- DATA SECTION
:::::

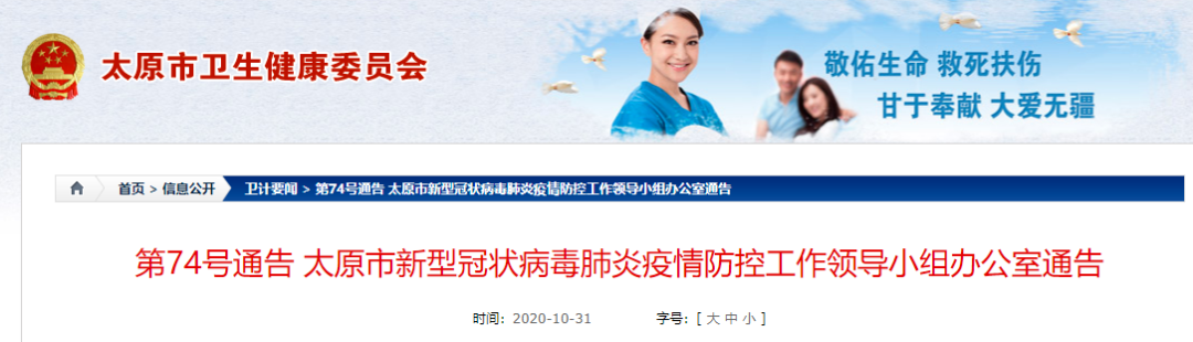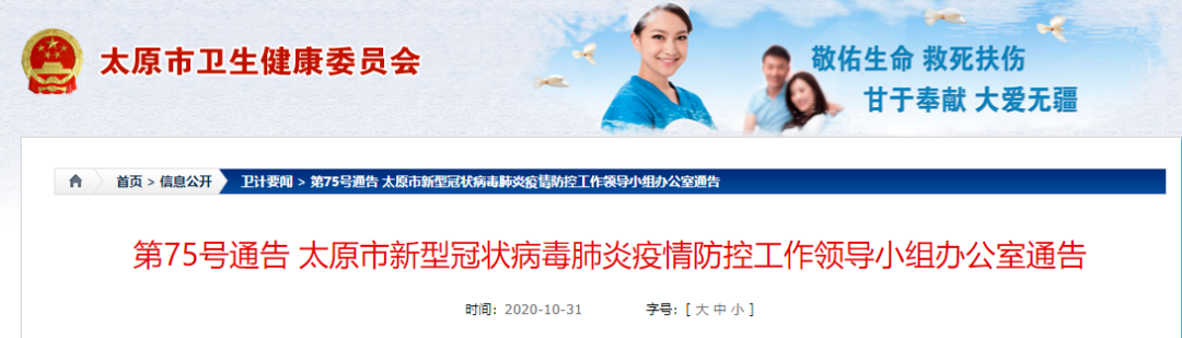 太原市新冠病毒肺炎疫情防控 工作領導小組辦公室 2020年10月31日
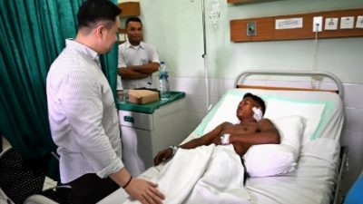 Tampak dr. Christian Widodo menjenguk Stefanus Kase sedang dirawat di RS. Boromeus Kupang. Doc. CNC/Prokopim…
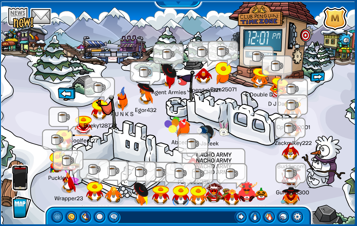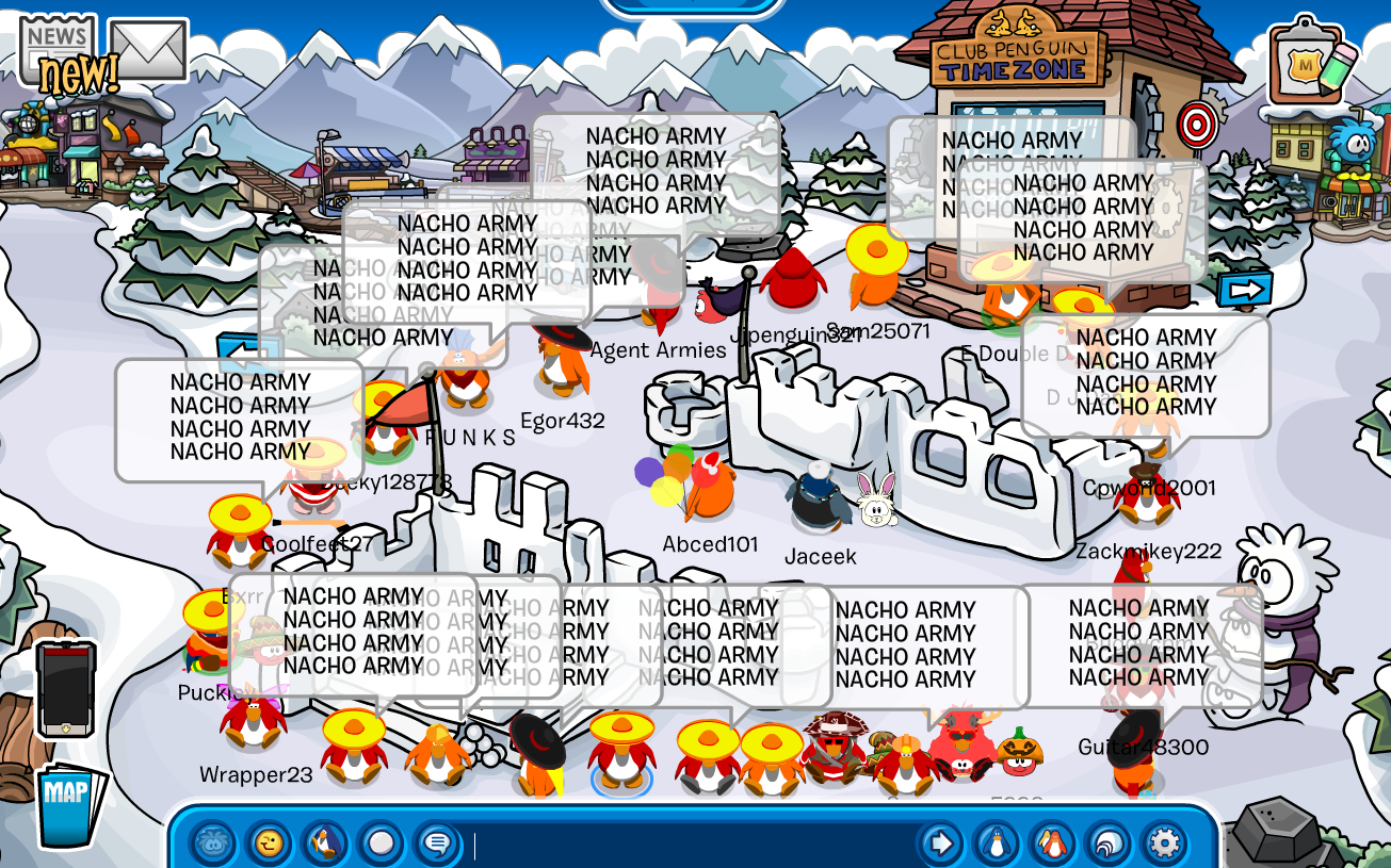Welcome to the Nachos! We were one of the most powerful and legendary armies in all of Club Penguin. Known for our fun and enjoyable atmosphere, we're always having a good time! Due to Club Penguin shutting down, the army is mostly inactive. However, our older members tend to keep in touch using discord. You can join using the following link.

:::::

Please write the data out again exactly, but do not carry over the pictures.

 太原市新冠病毒肺炎疫情防控 工作領導小組辦公室 2020年10月31日
 Tampak dr. Christian Widodo menjenguk Stefanus Kase sedang dirawat di RS. Boromeus Kupang. Doc. CNC/Prokopim…
Welcome to the Nachos! We were one of the most powerful and legendary armies in all of Club Penguin. Known for our fun and enjoyable atmosphere, we're always having a good time! Due to Club Penguin shutting down, the army is mostly inactive. However, our older members tend to keep in touch using discord. You can join using the following link.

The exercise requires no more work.